## TASK STATEMENT
Could the listing below be returned exactly, with its pictures left out?

· · · · · · ·

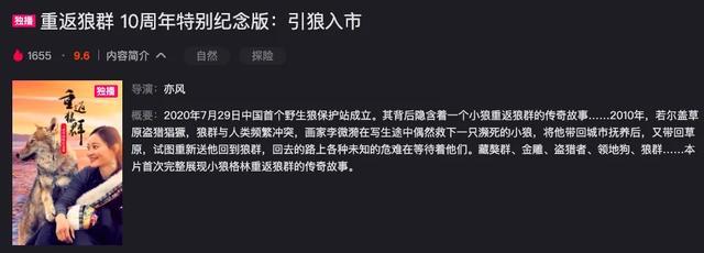 2017年6月,由2700小时的素材制成的纪实电影《重返狼群》上映引起不小的轰动,失焦、晃动的镜头、粗糙的画质并没有折损它的口碑,豆瓣评分给出8.4的好成绩。
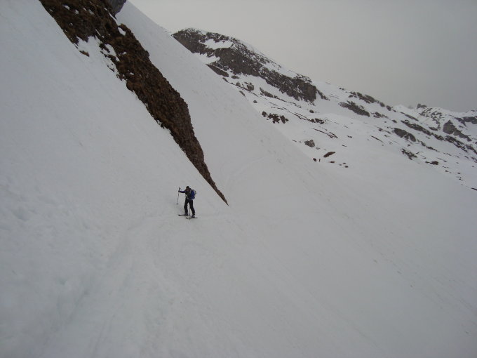 In der Steilstufe dann zunehmend fester werdend und gut tragend, ohne tieferes Einsinken zum Skidepot unter der Rinne.
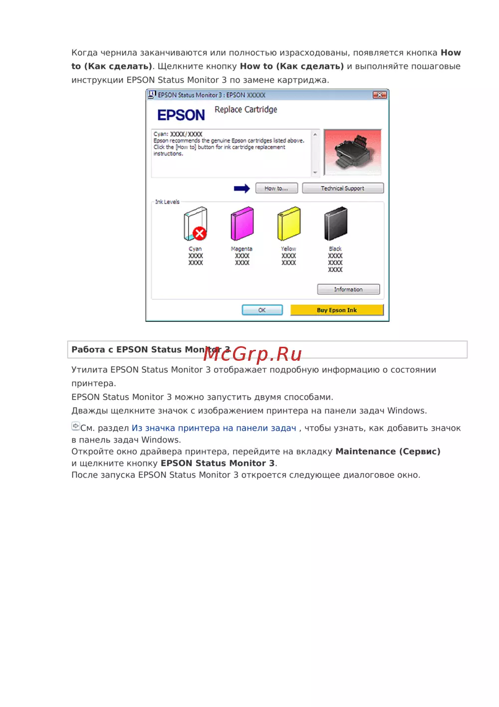 инструкции EPSON Status Monitor 3 по замене картриджа.
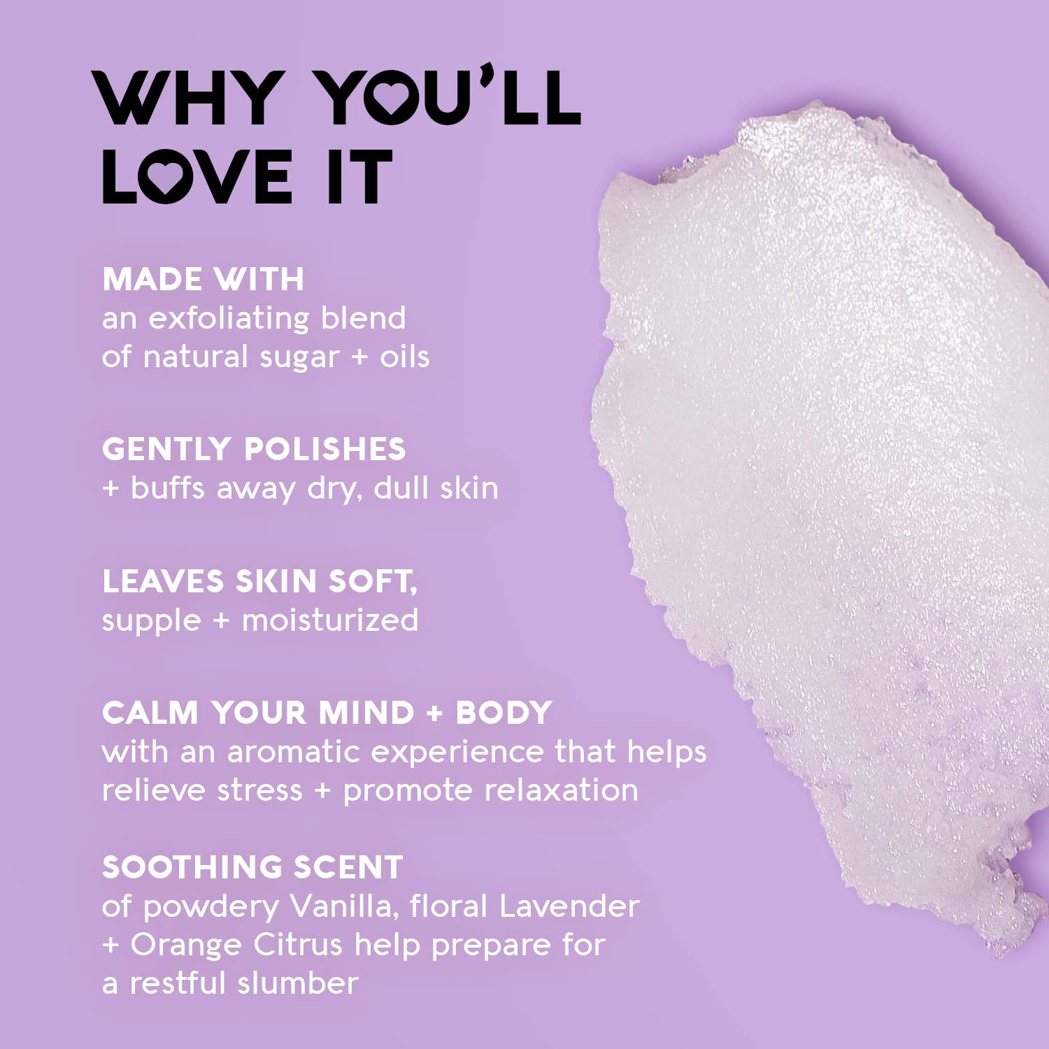 GENTLY EXFOLIATE: Natural sugar buffs away dry, dead skin as you shower or bathe; simply massage onto damp skin, paying special attention to dry, rough spots
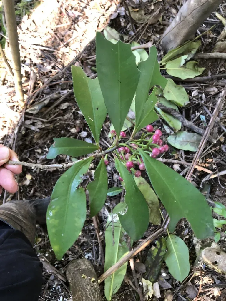 Ardisia elliptica is a tropical to semi-tropical broadleaf evergreen shrub or small tree.
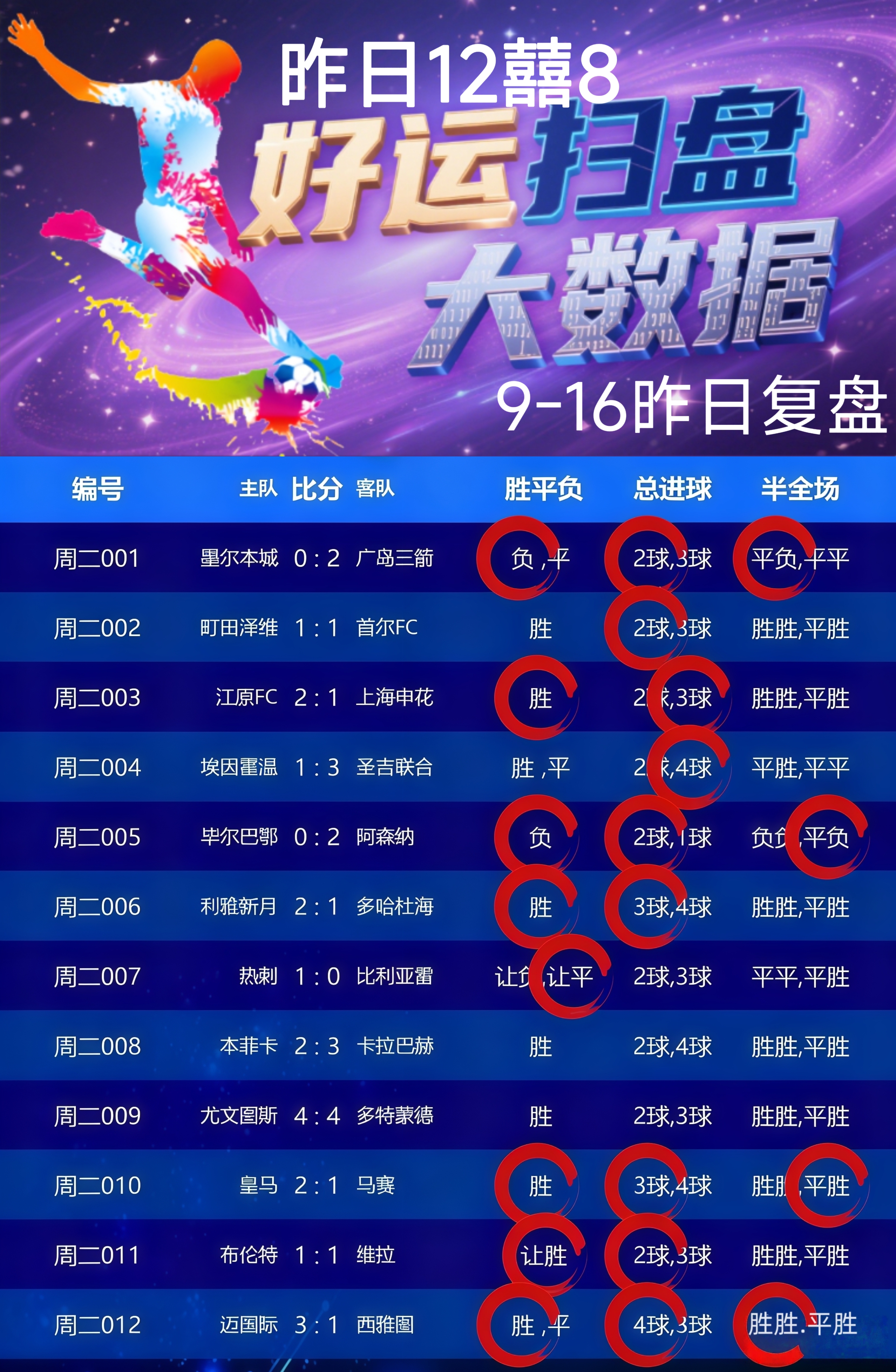 昨日足球12中8,命中率66.6%!今日12场足球比赛,祝我们好运!篮球今日2场赛事!
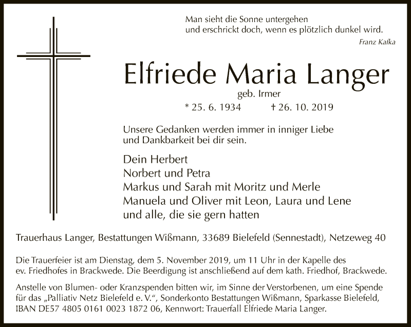 Hier finden Sie alle Traueranzeigen aus der Zeitung, die bisher für Elfriede Maria Langer erschienen sind. Weitere Traueranzeigen, die in der Zeitung erscheinen, werden hier ebenfalls aufgelistet
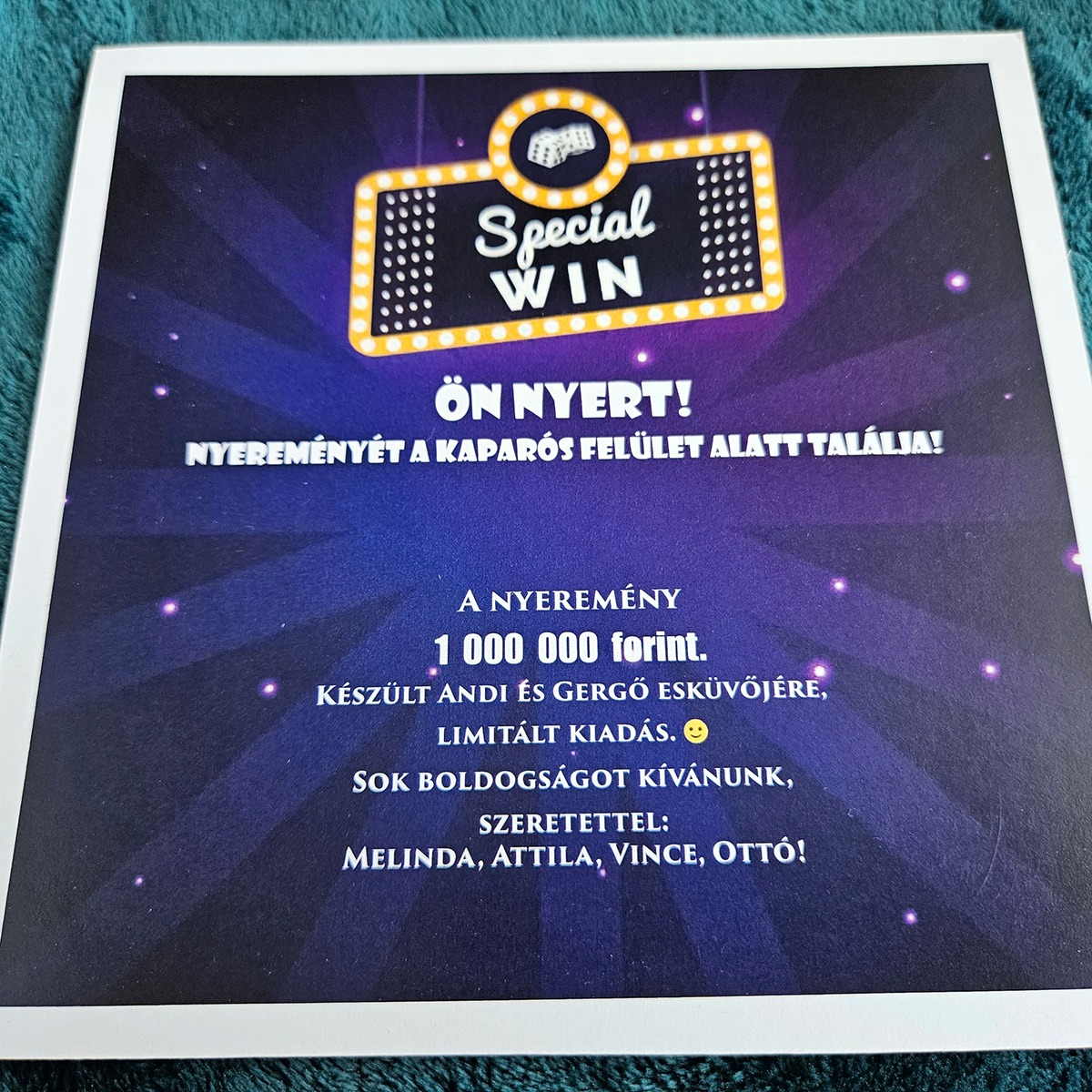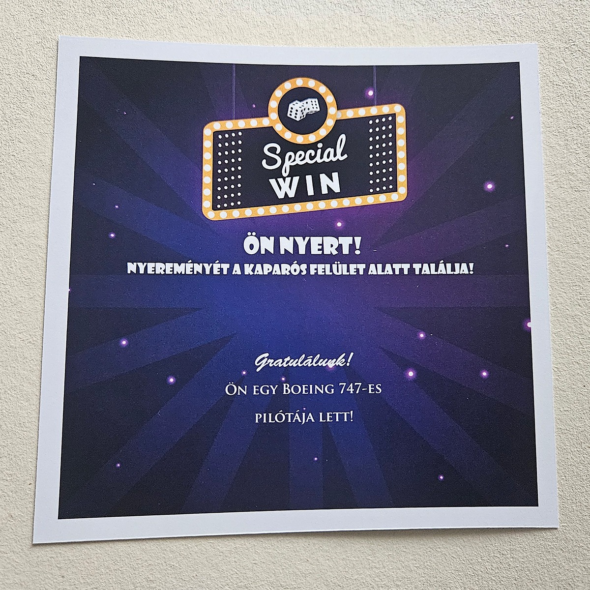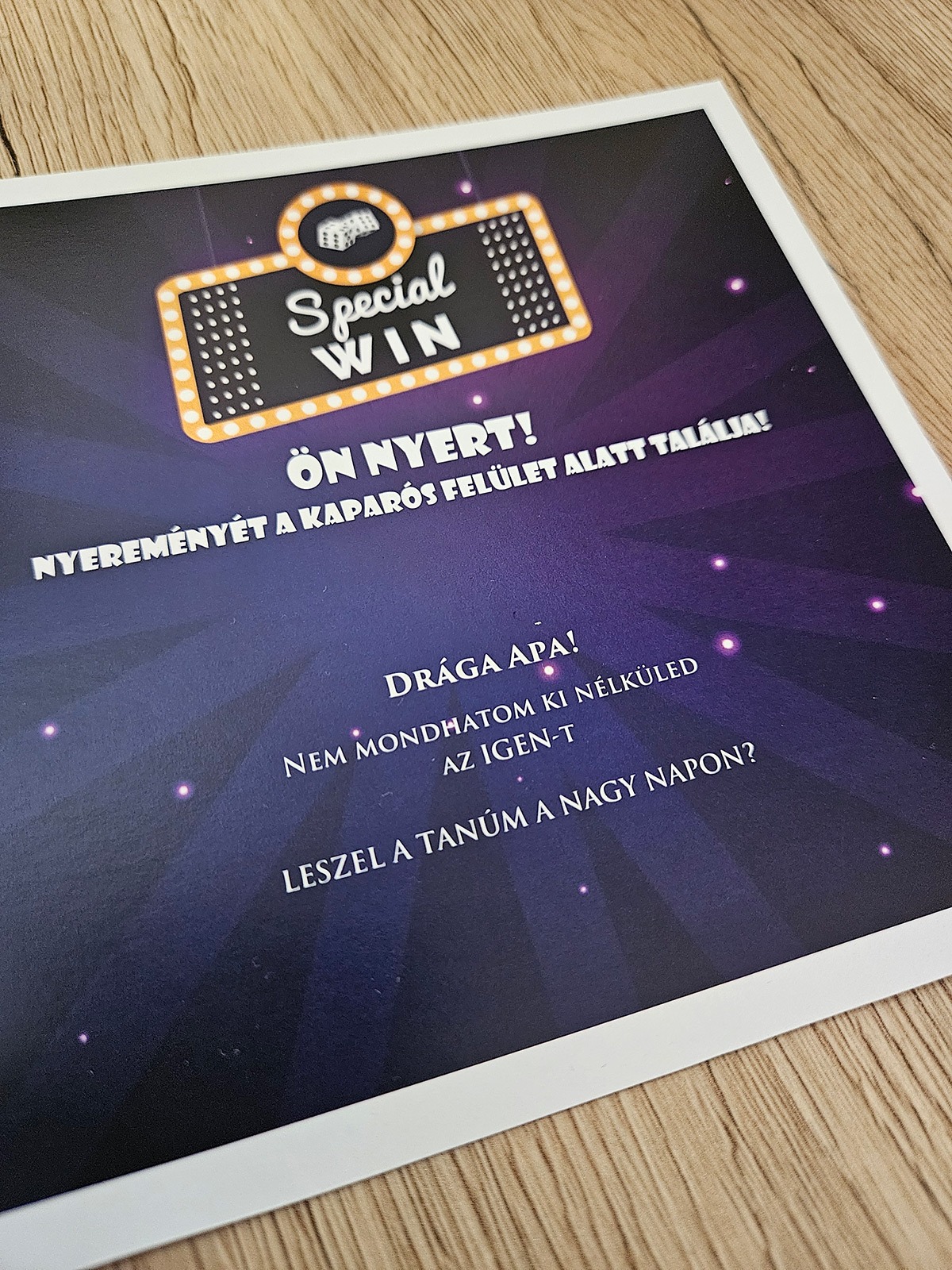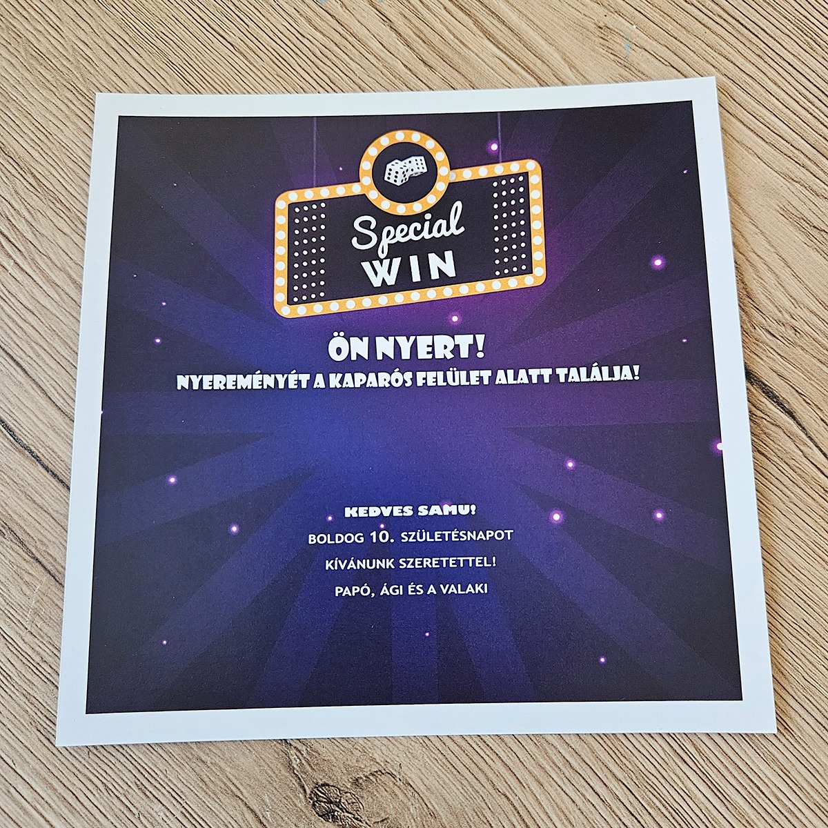 ✨ Ki ne szeretne kapargatni, pláne ha tudja, hogy a végén biztosan nyert? A Special WIN egyedi kaparós sorsjegy ajándék egy olyan speciális kiadás, amely az egyszerűségével és eleganciájával hódít. Ez nem egy tucattermék: minden egyes darab a Te egyedi kéréseid alapján készül el, így válik belőle életre szóló emlék.
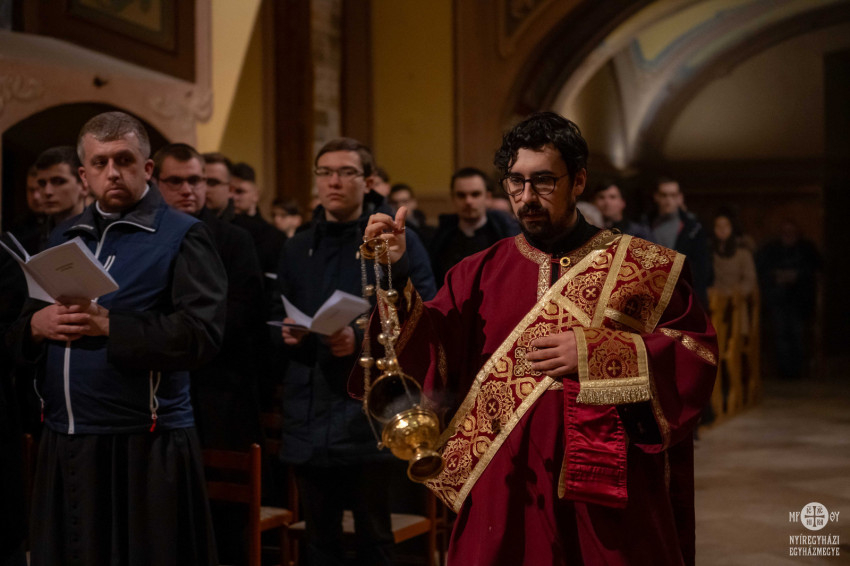 Az esti órákban kezdődött az előre megszentelt áldozatok liturgiája, melyet Dobos András, a nyíregyházi szeminárium rektora végzett. Sokan nem ismerték a vendég-papnövendékek közül az előszenteltek liturgiáját, így előzetesen ismertetőt kaptak róla, valamint a szertartás előtt Dobos András is elmagyarázta röviden ennek a különleges nagyböjti szertartásnak a jelentőségét, liturgikus cselekedeteit.
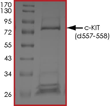 Recombinant human c-Kit deletion 557-558 protein (Active) is a Human Fragment protein, in the 544 to 976 aa range, expressed in Baculovirus infected Sf9, with >80% purity and suitable for SDS-PAGE, FuncS.
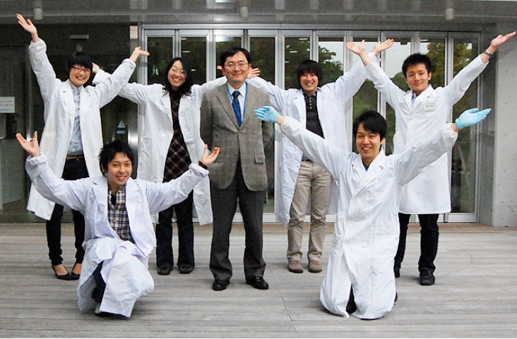▲抗体のY字ポーズで上田先生(中央)を囲む研究室の皆さん
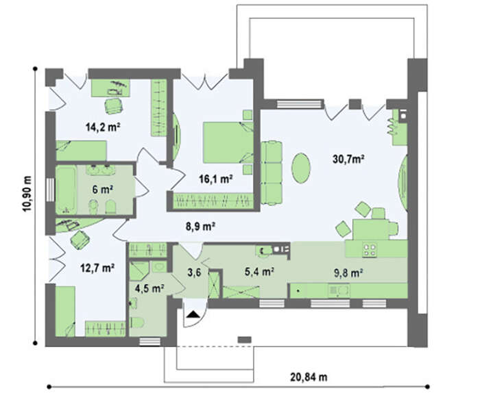 Проект содержит три раздела – Архитектурный, Конструктивный и Инженерный: водоснабжение, отопление, вентиляция, канализация, электроснабжение (приобретается за дополнительную плату) + Пояснительная записка.
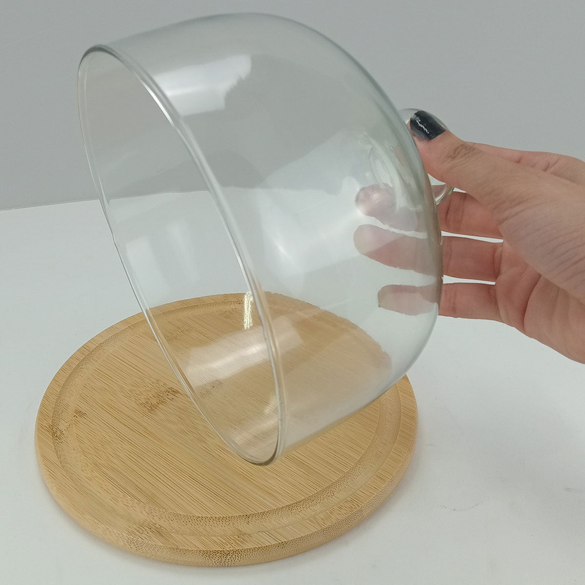Prato de Bolo Redondo Home&Co com Tampa de Vidro e Base de Bambu 15cm
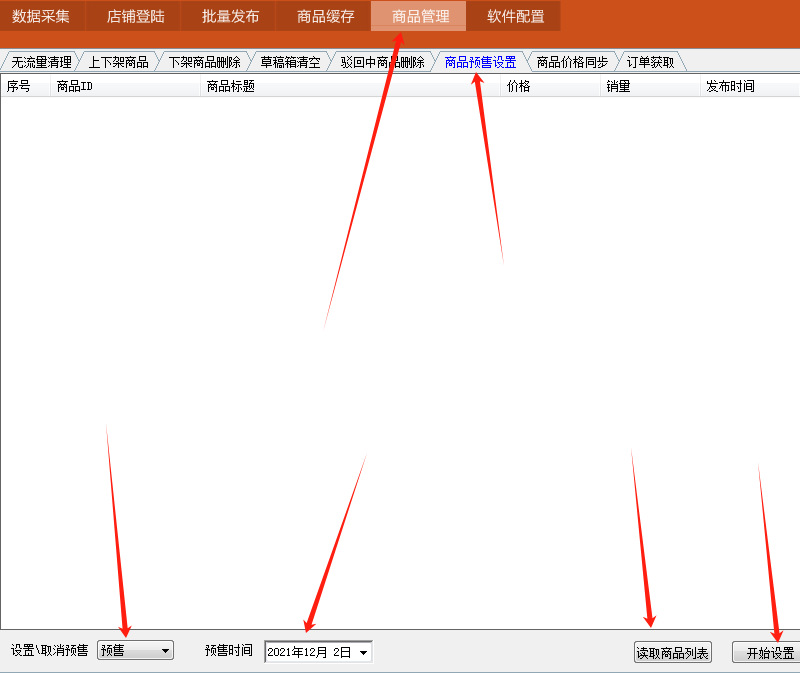 2.点“读取商品列表”,选择要设置预售的商品;

· · · · · · ·

## TASK OUTPUT
 2017年6月,由2700小时的素材制成的纪实电影《重返狼群》上映引起不小的轰动,失焦、晃动的镜头、粗糙的画质并没有折损它的口碑,豆瓣评分给出8.4的好成绩。
 In der Steilstufe dann zunehmend fester werdend und gut tragend, ohne tieferes Einsinken zum Skidepot unter der Rinne.
 инструкции EPSON Status Monitor 3 по замене картриджа.
 GENTLY EXFOLIATE: Natural sugar buffs away dry, dead skin as you shower or bathe; simply massage onto damp skin, paying special attention to dry, rough spots
 Ardisia elliptica is a tropical to semi-tropical broadleaf evergreen shrub or small tree.
 昨日足球12中8,命中率66.6%!今日12场足球比赛,祝我们好运!篮球今日2场赛事!
 Hier finden Sie alle Traueranzeigen aus der Zeitung, die bisher für Elfriede Maria Langer erschienen sind. Weitere Traueranzeigen, die in der Zeitung erscheinen, werden hier ebenfalls aufgelistet
 ✨ Ki ne szeretne kapargatni, pláne ha tudja, hogy a végén biztosan nyert? A Special WIN egyedi kaparós sorsjegy ajándék egy olyan speciális kiadás, amely az egyszerűségével és eleganciájával hódít. Ez nem egy tucattermék: minden egyes darab a Te egyedi kéréseid alapján készül el, így válik belőle életre szóló emlék.
 Az esti órákban kezdődött az előre megszentelt áldozatok liturgiája, melyet Dobos András, a nyíregyházi szeminárium rektora végzett. Sokan nem ismerték a vendég-papnövendékek közül az előszenteltek liturgiáját, így előzetesen ismertetőt kaptak róla, valamint a szertartás előtt Dobos András is elmagyarázta röviden ennek a különleges nagyböjti szertartásnak a jelentőségét, liturgikus cselekedeteit.
 Recombinant human c-Kit deletion 557-558 protein (Active) is a Human Fragment protein, in the 544 to 976 aa range, expressed in Baculovirus infected Sf9, with >80% purity and suitable for SDS-PAGE, FuncS.
▲抗体のY字ポーズで上田先生(中央)を囲む研究室の皆さん
 Проект содержит три раздела – Архитектурный, Конструктивный и Инженерный: водоснабжение, отопление, вентиляция, канализация, электроснабжение (приобретается за дополнительную плату) + Пояснительная записка.
Prato de Bolo Redondo Home&Co com Tampa de Vidro e Base de Bambu 15cm
 2.点“读取商品列表”,选择要设置预售的商品;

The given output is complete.